KR101689475B1 - Electromagnetic wave absorber film, and method of fabricating of the same - Google Patents

Abstract

Provided is a manufacturing method of an electromagnetic wave absorbing film. The manufacturing method of the electromagnetic wave absorbing film comprises the following steps of: preparing nano-soft magnetism plate shaped structures having magnetic metal; mixing the plate shaped structures with a binder to manufacture a source; coating the source on a base film wherein the source includes the plate shaped structures to form a coating layer; and applying a magnetic field to the base film on which the coating layer is formed to align the plate shaped structures in the coating layer in one direction.

Description

TECHNICAL FIELD [0001] The present invention relates to an electromagnetic wave absorber film,

The present invention relates to an electromagnetic wave absorbing film and a method of manufacturing the same, and more particularly to an electromagnetic wave absorbing film in which plate-shaped structures are arranged in one direction using a magnetic field and a method of manufacturing the same.

2. Description of the Related Art Recently, various digital electronic devices such as PCs, portable terminals, portable media players and the like have been widely used. Accordingly, there is a problem that an electromagnetic wave generated in an electronic device affects another electronic device through a space, or affects another electronic device through a wire or a PCB to cause a malfunction.
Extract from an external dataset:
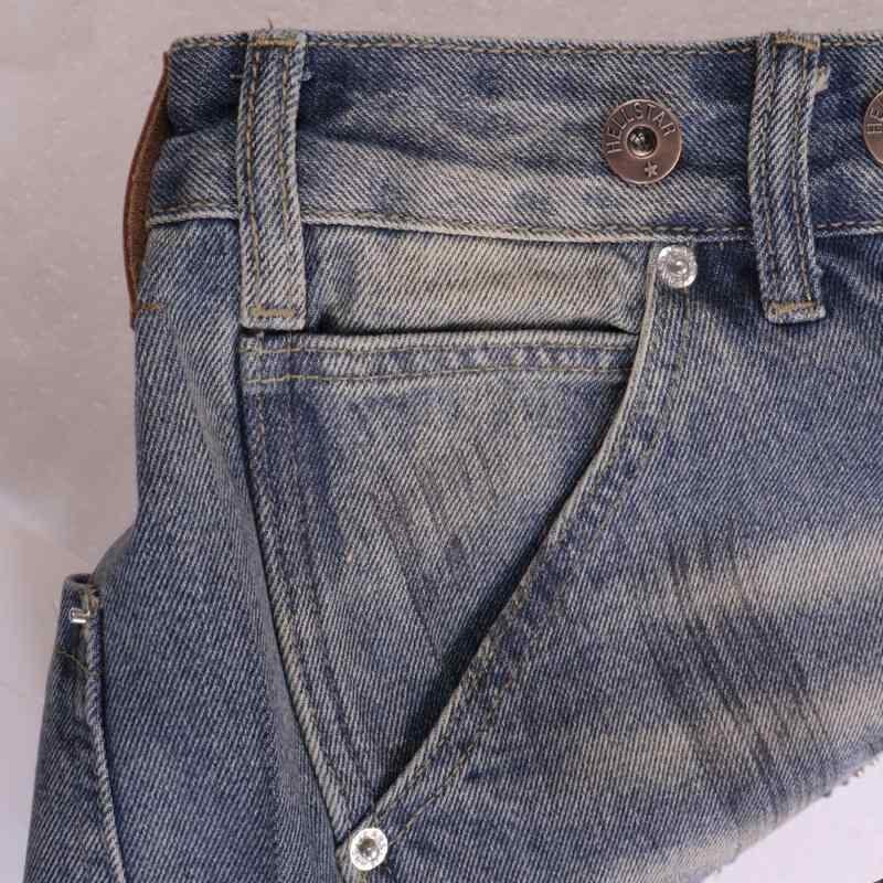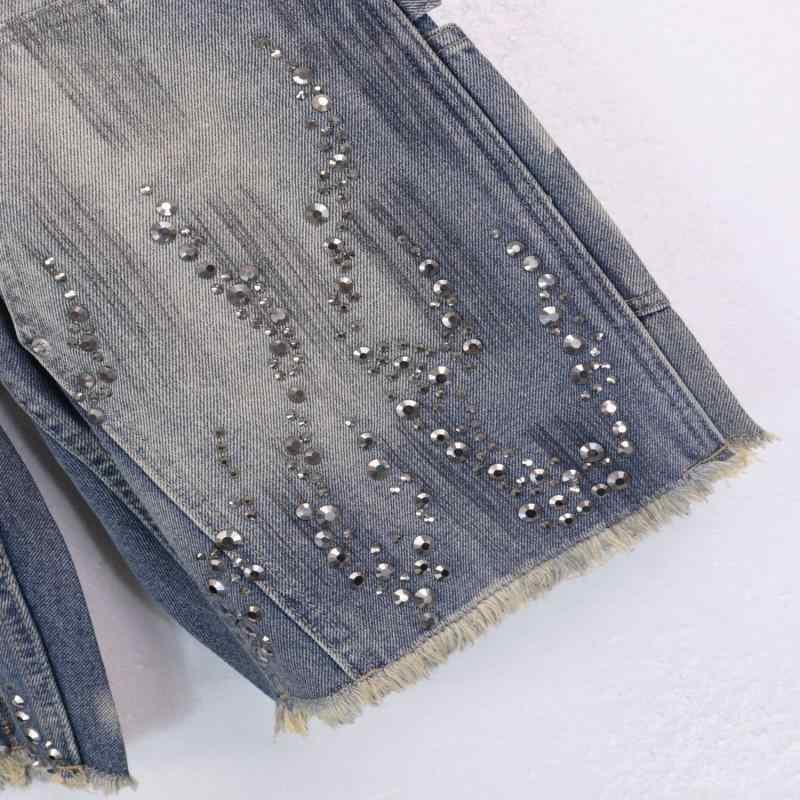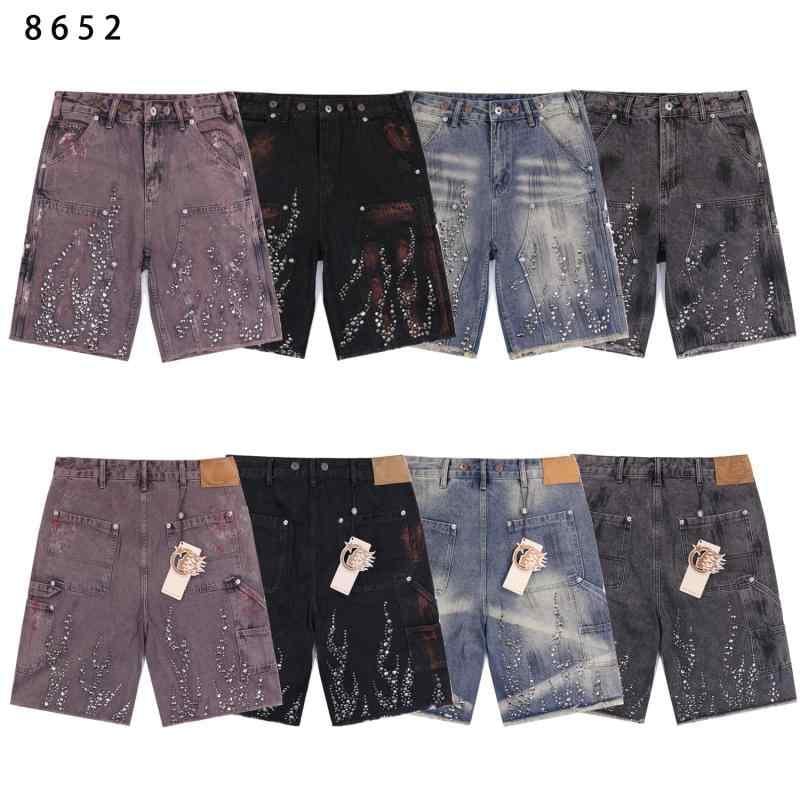 デニム ショートパンツ メンズ ラインストーン装飾 ヘビーワーク ストリート ファッション アメカジ 個性的 ゆったり リラックスフィット ウォッシュ加工 ストレート コットン 短パン ブラック グレー ブルー レッド

Such electromagnetic disturbances are manifested in various ways ranging from malfunctions of computers to accidental incidents of factories, and furthermore, research results that have a negative impact on the human body have been announced, thus raising concerns and concern about health. In addition, in the advanced countries, the electromagnetic wave absorption and shielding technology for various electronic appliances is emerging as the core technology field of the electronic industry, while strengthening the regulations on electromagnetic interference and preparing countermeasures.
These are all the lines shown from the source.